TASK BRIEF: The entries below contain a line with "Sous le titre" and a line with "Každý kus vzniká". Retype exactly everything from the first down to the second, both included, and nothing else.

INFORMATION GIVEN:

⟨

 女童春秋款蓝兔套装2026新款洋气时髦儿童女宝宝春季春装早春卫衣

⟩
⟨

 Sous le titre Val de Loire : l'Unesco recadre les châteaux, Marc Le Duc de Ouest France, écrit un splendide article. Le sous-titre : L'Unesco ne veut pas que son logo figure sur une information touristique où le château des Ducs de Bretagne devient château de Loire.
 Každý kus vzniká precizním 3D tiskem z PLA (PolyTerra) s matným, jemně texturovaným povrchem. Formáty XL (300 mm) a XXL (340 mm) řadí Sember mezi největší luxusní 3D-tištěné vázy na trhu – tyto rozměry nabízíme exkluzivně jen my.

⟩

EXERCISE RESPONSE:
 Sous le titre Val de Loire : l'Unesco recadre les châteaux, Marc Le Duc de Ouest France, écrit un splendide article. Le sous-titre : L'Unesco ne veut pas que son logo figure sur une information touristique où le château des Ducs de Bretagne devient château de Loire.
 Každý kus vzniká precizním 3D tiskem z PLA (PolyTerra) s matným, jemně texturovaným povrchem. Formáty XL (300 mm) a XXL (340 mm) řadí Sember mezi největší luxusní 3D-tištěné vázy na trhu – tyto rozměry nabízíme exkluzivně jen my.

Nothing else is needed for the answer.